What are the implications of our being made in the Image of God, who has been revealed to the Church as "the glory of the eternal Trinity" in whom we "worship the Unity"? [Collect for Trinity Sunday; BPC, page 228] Trinity Sunday is an opportunity to reflect on who we are, in light of the Trinitarian Nature of God.

Our vision for community is rooted in the nature of God as One, Holy, and Undivided Trinity, that is, God's revelation as a community of persons, indivisible yet united by the divine nature, which is Love. Human beings, created in the Image of God, are therefore made for community and to be in communion with one another, with the created order, and with God. We are made by Love; we are born to love.
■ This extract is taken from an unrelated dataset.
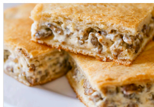
Sausage Cream Cheese Casserole

Because of who God is, we celebrate the uniqueness and particularity not only of each of us as individuals but in the multiplicity of the cultural and ethnic mosaic of the one human race as a gift of God, as a sacrament of the Holy Trinity. All people are outward and visible signs that declare the glory of God. Though we indeed "fall short of the glory of God," (Romans 3:23), each individual and each part of the human family in its own way participates in the divine image. The richness and variety of humanity are a blessing to be celebrated, a delight to be enjoyed, and a means of coming to a closer appreciation of God's greatness and goodness.

When we come to worship on Sundays, we learn more about our vocation as a community that glories in the uniqueness and variety of all human beings. Trinity Sunday, in particular, is a time to rejoice and to renew the bonds of affection that unite us to the Father through the Son in the unity of the Holy Spirit.